Question

What is the generating function for the sequence\(\left\{ {{c_k}} \right\}\), where \({c_k}\) is the number of ways to make change for \(k\) dollars using \(1 bills, \)2 bills, \(5 bills, and \)10 bills?

Short answer

The total generating function\( = \frac{1}{{(1 - x)\left( {1 - {x^2}} \right)\left( {1 - {x^5}} \right)\left( {1 - {x^{10}}} \right)}}\).

Step-by-step solution

Use Generating Function:

Generating function for the sequence \({a_0},{a_1}, \ldots ,{a_k}, \ldots \) of real numbers is the infinite series;

\(G(x) = {a_0} + {a_1}x + {a_2}{x^2} + \ldots + {a_k}{x^k} + \ldots = \sum\limits_{k = 0}^{ + \infty } {{a_k}} {x^k}\)

Extended binomial theorem

\({(1 + x)^u} = \sum\limits_{k = 0}^{ + \infty } {\left( {\begin{array}{*{20}{l}}u\\k\end{array}} \right)} {x^k}\)

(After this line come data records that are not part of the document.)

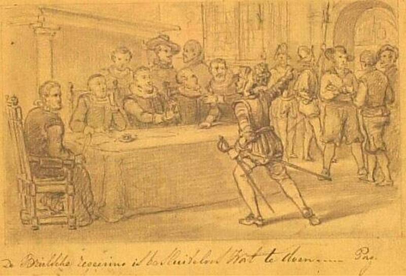 Illustratie van een historisch tafereel uit de 80-jarige oorlog, circa 1850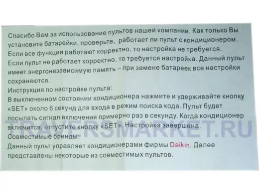 - Универсальный пульт Huayu для Daikin K-DK680 – это универсальный пульт, который заменяет множество пультов определенного бренда. В основном эти пульты не требуют настройки, просто вставили батарейки и пользуетесь, но иногда, когда настройка все-таки необходима, она сводится к нажатию всего двух клавиш. Его корпус очень часто совпадает с корпусом вашего родного пульта, поэтому у вас не будет привыкания к расположению на нем кнопок. Все они находятся на привычных местах.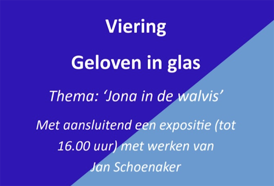 Geloven in glas is het jaarlijks terugkerende thema in de Plechelmuskerk van Saasveld ter nagedachtenis aan Jan Schoenaker. Hij is de ontwerper en maker van álle gebrandschilderde ramen van glas in lood. ‘Een gebrandschilderd raam is als een doorzichtig tussenschot tussen mijn hart en het hart van de wereld,’ liet hij ooit eens optekenen. Dit jaar is in Saasveld gekozen voor het raam ‘Jona in de walvis’. Het tafereel spreekt misschien wel het meest tot de verbeelding van mensen. Het heeft iets sprookjesachtigs …..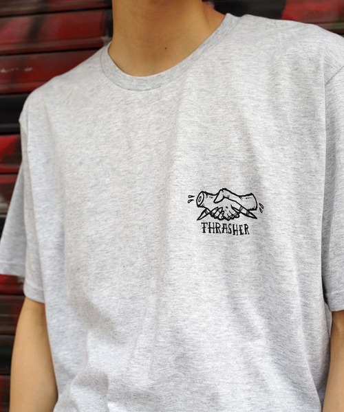 胸元のワンポイントが特徴の半袖Tシャツ。ボトムスと合わせるならハーフパンツやバルーンパンツ、ワイドパンツ、ハイウエストのデニムやジョガーパンツ、ラインパンツ、スキニーやレギンスなども好相性。また、タックインをする事でコーディネートにメリハリが出ます。小物でアクセントをつけるなら今期人気のバケットハットやニットキャップなどの帽子やスカーフや、トレンドの巾着バッグやバックパックやボディバッグ、ビニールバッグ・クリアバッグ、マクラメトート、メッシュバッグは欠かせません。これからの季節鉄板のサコッシュやお財布ショルダーなんかも◎足元はスニーカーはもちろん、ビーチサンダルやスライドサンダルなどもオススメ。【THRASHER:スラッシャー】スラッシャー・マガジンから生まれたスケーターなら1度は憧れるハードかつ、クールなブランド。1981年にサンフランシスコでエドワーズ・リギンスが創刊して言わずと知れたUSAを代表するスケートボード専門誌「THRASHER MAGAZINE」。雑誌の刊行だけに留まらずそのブランドとしての地位は世界中の若者たちの間で確固たる物となっている。スケートボードだけの枠にとらわれずウェア、アートワーク、ロック、他のスライドスポーツ界に置いてもその独自の世界観はある種その手のサブカルチャーの代名詞にさえなっていると言っても過言では無い■商品をお気に入り登録する■お気に入り登録しておくと、完売商品の再入荷通知を受け取れます。さらに、ラスト1点・セール時にも通知が来ます。■ブランドをお気に入り登録する■新入荷・再入荷などのブランド情報をいち早く受け取れます。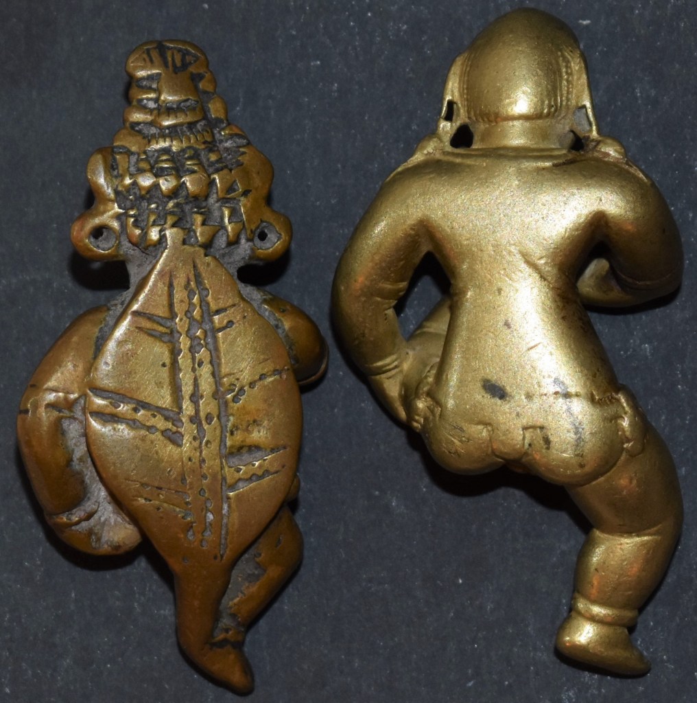 The brass one is from Karnataka and I have no suggestions on the other one, though the crown is trying to tell us something.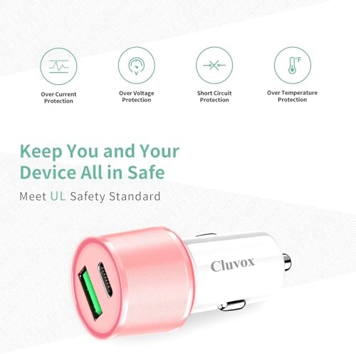 Pay For One Car Charger: You will get 2 car chargers, one for daily use, and one for as a backup, you can say goodbye to worrying that your phone won't charge during a car trip 35W Fast Car Charger: 20W USB C port + 15W USB A port, 4X faster than standard 5W chargers, fast charge iPhone 14 from 0% to 60% in 30 mins Simultaneously Charging Quickly: Dual rapid charging port car charger can fast charge two devices at the same time, Charge immediately without waiting One For All: Cluvox USB C car charger is compatible for iPhone 14 Plus/Pro/ Max/13 Pro/13/12/11/XS/Max/XR/X/8/SE 2020, Samsung Galaxy S22/S21/S20 series, Google Pixel 7/6/5 and more Keep You & Your Device All In Safe: A 12v car charger built-in protection system against over-current, over-charging, over-heating ensures superior performance, safety, and reliability

$\(1\) bills can form any dollar amount and thus the generating function for the $\(1\) bills can contain all powers of\(x\):

\(1 + x + {x^2} + \ldots \)

$\(2\) bills can only form a dollar amount that is a multiple of 2 and thus the generating function for the $\(2\)bills can contain all powers of \(x\) that are multiples of 2:

\(1 + {x^2} + {x^4} + \ldots \)

$\(5\) bills can only form a dollar amount that is a multiple of 5 and thus the generating function for the $\(5\) bills can contain all powers of \(x\) that are multiples of 5:

\(1 + {x^5} + {x^{10}} + \ldots \)

$\(10\) bills can only form a dollar amount that is a multiple of 10 and thus the generating function for the $\(10\)bills can contain all powers of \(x\) that are multiples of 10:

\(1 + {x^{10}} + {x^{20}} + \ldots \)

The total generating function is the product of the generating functions for each type of bill:

\(\begin{array}{c}\left( {1 + x + {x^2} + \ldots } \right)\left( {1 + {x^2} + {x^4} + \ldots } \right)\left( {1 + {x^5} + {x^{10}} + \ldots } \right)\left( {1 + {x^{10}} + {x^{20}} + \ldots } \right)\\ = \left( {\sum\limits_{k = 0}^{ + \infty } {{x^k}} } \right)\left( {\sum\limits_{k = 0}^{ + \infty } {{x^{2k}}} } \right)\left( {\sum\limits_{k = 0}^{ + \infty } {{x^{5k}}} } \right)\left( {\sum\limits_{k = 0}^{ + \infty } {{x^{10k}}} } \right)\\ = \left( {\sum\limits_{k = 0}^{ + \infty } {{x^k}} } \right)\left( {\sum\limits_{k = 0}^{ + \infty } {{{\left( {{x^2}} \right)}^k}} } \right)\left( {\sum\limits_{k = 0}^{ + \infty } {{{\left( {{x^5}} \right)}^k}} } \right)\left( {\sum\limits_{k = 0}^{ + \infty } {{{\left( {{x^{10}}} \right)}^k}} } \right)\\ = \frac{1}{{1 - x}} \cdot \frac{1}{{1 - {x^2}}} \cdot \frac{1}{{1 - {x^5}}} \cdot \frac{1}{{1 - {x^{10}}}}\\ = \frac{1}{{(1 - x)\left( {1 - {x^2}} \right)\left( {1 - {x^5}} \right)\left( {1 - {x^{10}}} \right)}}\end{array}\)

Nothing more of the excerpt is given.